J’ai été reconnue inapte au travail en août 2022 et licenciée. Mon reclassement n’a pas été possible. Je touche une pension d’invalidité.

J’ai fait une cure de 3 semaines à Lamalou Les Bains en septembre 2022. Il faut attendre deux à trois mois pour voir les effets. J’y retourne l’année prochaine.

J’adorais danser autrefois. Mais mes jambes et mes pieds n’ont plus le ressort suffisant. J’ai décidé de m’inscrire à un cours de danses de salon malgré tout, je vais essayer de remobiliser mon corps.

Ma vie a totalement changé depuis l’opération. Je ne travaille plus, je n’ai plus de vie sociale, mes loisirs sont très limités, je suis devenue dépendante. Quelque chose s’est cassé en moi. Je n’éprouve plus de joie.

 

J’ai appris incidemment pendant la cure en discutant avec une femme, les effets indésirables des médicaments tels que le Lutényl, dont les méningiomes. J’ai eu un choc. Il y avait donc une explication à mon méningiome ! Quand on me l’a découvert, les médecins m’avaient dit qu’on ne pouvait pas le dater, que je vivais avec lui peut-être depuis des années.

Je me suis souvenue que j’avais pris du Lutényl en préménopause pendant deux ans environs, pour réguler mes cycles. Entre 49 et 51 ans. J’en ai 59. 57 quand le méningiome a été découvert.

Pourquoi les neurologues et neurochirurgiens ne m’ont rien dit, ne m’ont pas questionnée sur mes traitements passés ? Ce sujet n’a pas été évoqué. Ils l’ignoraient ? Comment est-ce possible que des médecins spécialisés dans le cerveau ne soient pas informés du lien entre méningiome et certains médicaments hormonaux ?!! Et les gynécologues ?

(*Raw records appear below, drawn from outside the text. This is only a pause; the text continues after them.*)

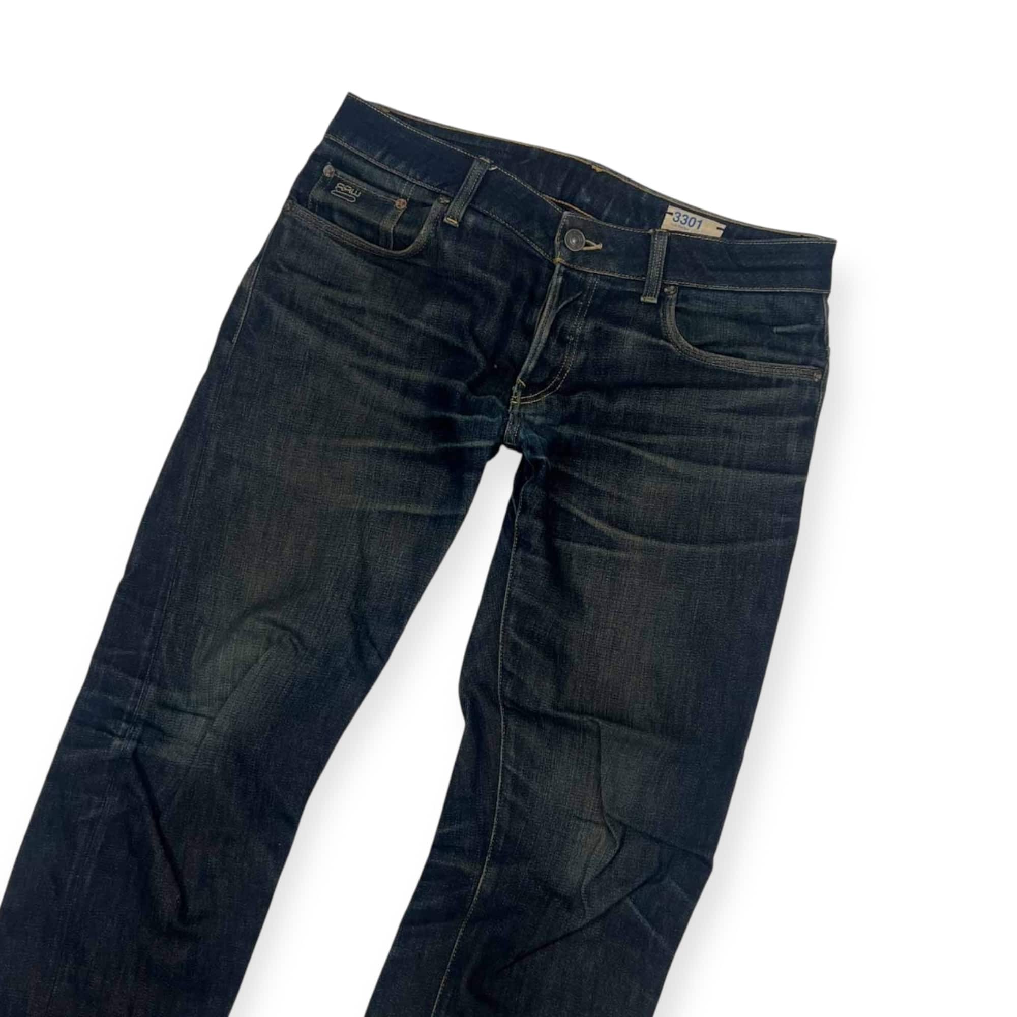 G-STAR RAW ジースターロウ 3301 ヒゲ ハチノス ボタンフライ デニム パンツ W90/インディゴ メンズ
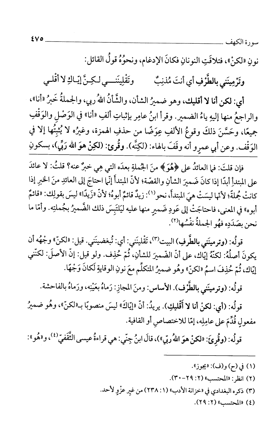 قوله: (وقرئ: " لَكِن هُوَ اللَّهُ رَبِّي)، قال ابن جني: هي قراءة عيسى الثقفي، و"هُو":
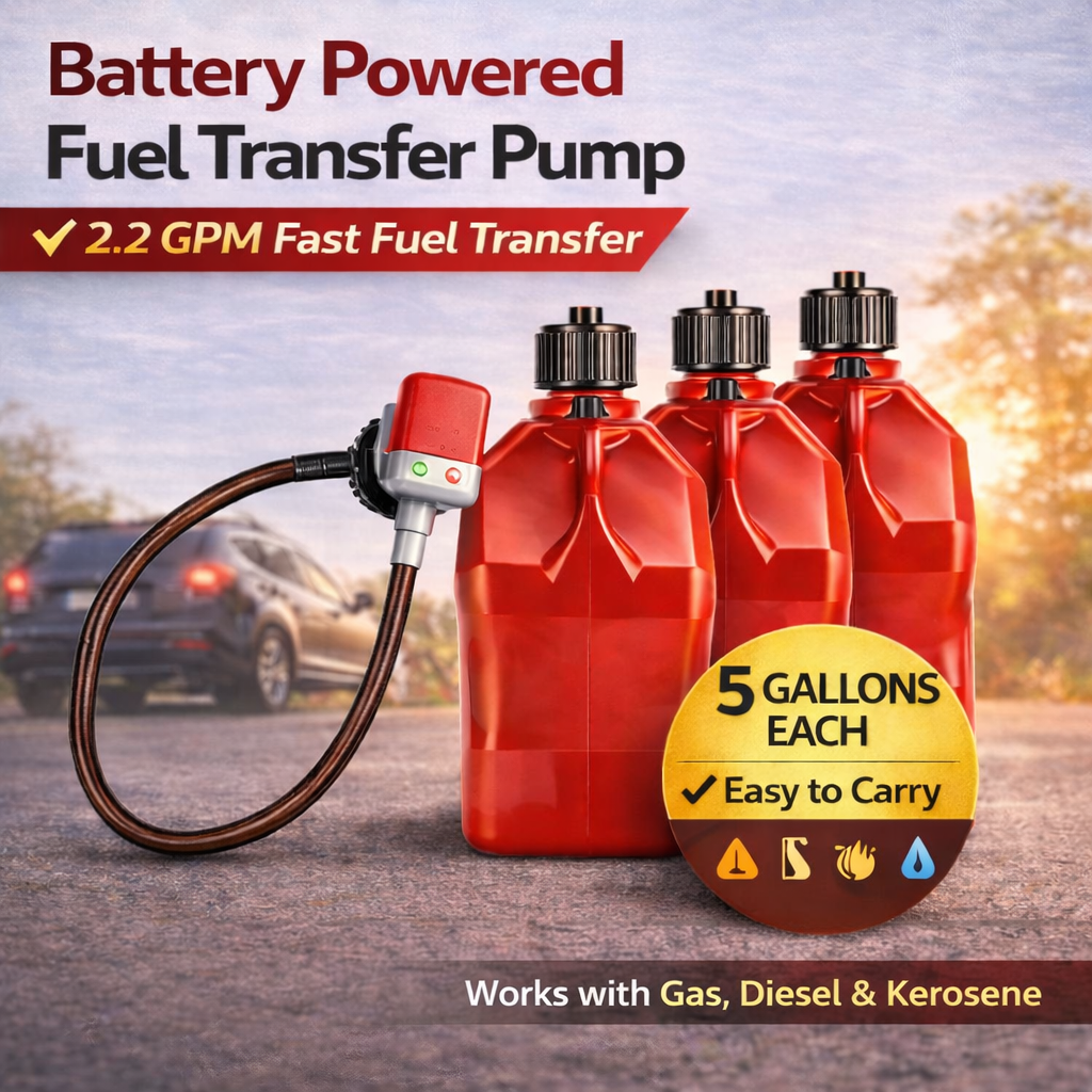 3-Pack Utility Jugs with Cordless Battery Liquid Transfer Pump for Fuel, Water & Automotive Use
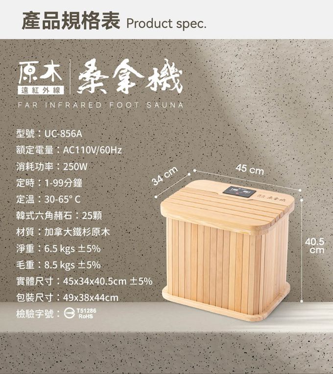 • 品名:遠紅外線原木桑拿機 UC-856A 多功能小型款
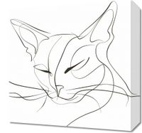 Plakat z serii wnętrza zatytułowany Linijny Kot. Prezentuje minimalistyczny, jednoliniowy rysunek kota. Sylwetka zwierzęcia została zredukowana do kilku płynnych linii, które z gracją oddają kształt głowy, uszu i rysy twarzy, w tym oczy i nos. Styl ten jest znany z tego, że w elegancki sposób uchwyci esencję swojego przedmiotu przy minimalnym użyciu detali. Tło obrazu jest czyste i jasne, co pozwala zarysom kota stać się dominującym elementem. Ten rodzaj sztuki idealnie nadawałby się do nowoczesnego wnętrza, które ceni sobie elegancję i prostotę, i może przyciągać wzrok jako subtelny, ale wyrafinowany element dekoracyjny.
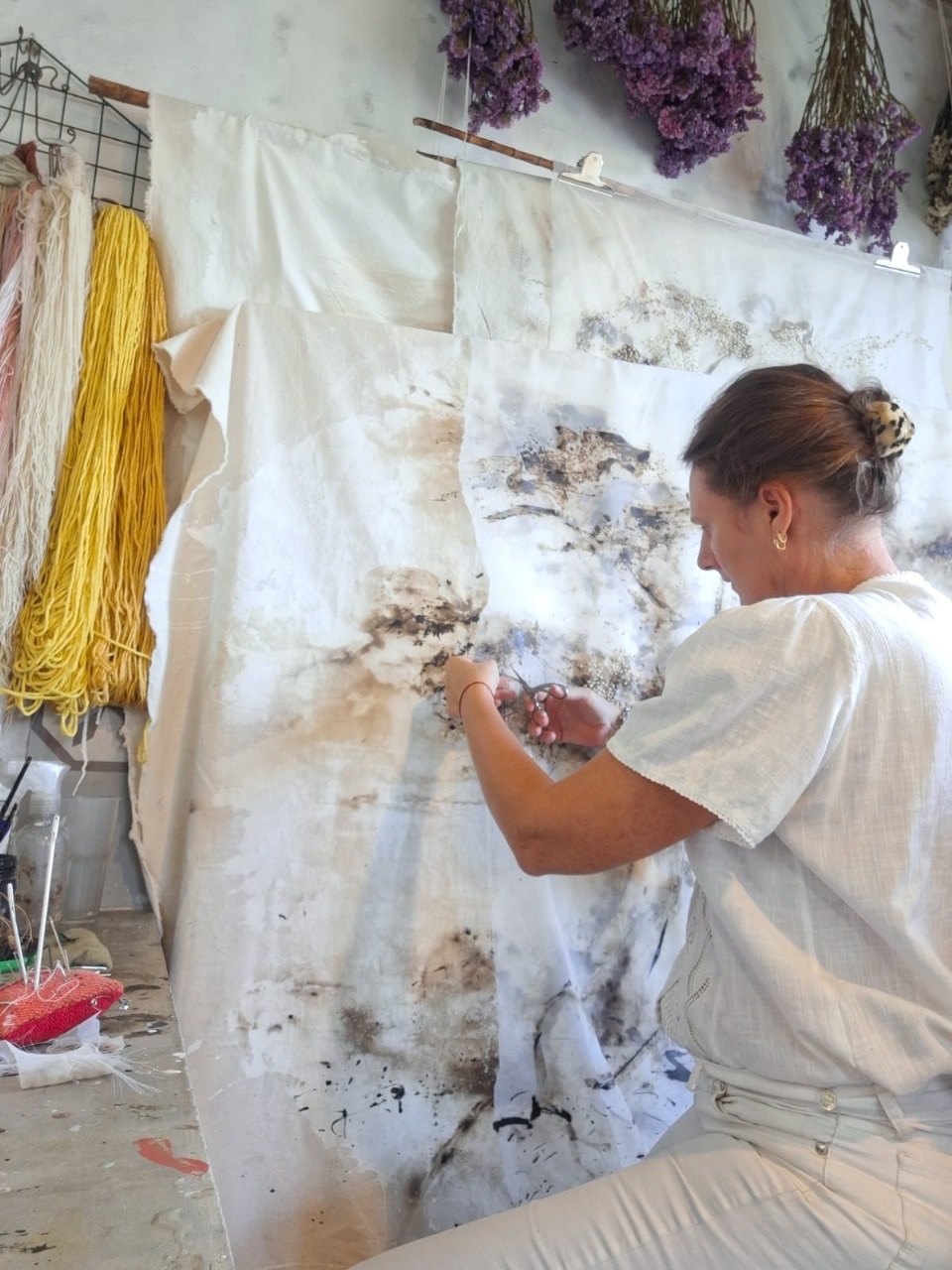 La propuesta exhibe la obra más reciente de la artista, que trabaja con piezas de grandes dimensiones intervenidas con diversas materialidades como brea, ramas y textiles orgánicos e industriales. El bordado acompaña a los gestos pictóricos, en una representación de entornos y territorios vinculados a la yunga junto a superposiciones de géneros textiles intervenidos, se describe sobre sus trabajos. La propuesta apunta a descubrir un espacio para habitar desde la sensibilidad.

J’attends que cette affaire sanitaire soit connue du grand public. Que nos témoignages à toutes servent à retirer ces médicaments du marché.

Il faut réaliser le coût humain et financier des conséquences de ce médicament pour la société. Les congés maladie ALD, les opérations et hospitalisations, les séances de rééducation, les taxis VSL, ce sont des frais colossaux pour la sécurité sociale. Sans compter les pertes infligées à l’entreprise qui nous emploie si on est salariée. Et si on est à son propre compte, c’est une catastrophe.

Les dégâts humains et psychologiques eux, ne sont pas quantifiables.

Pour moi il y aura toujours un avant août 2021.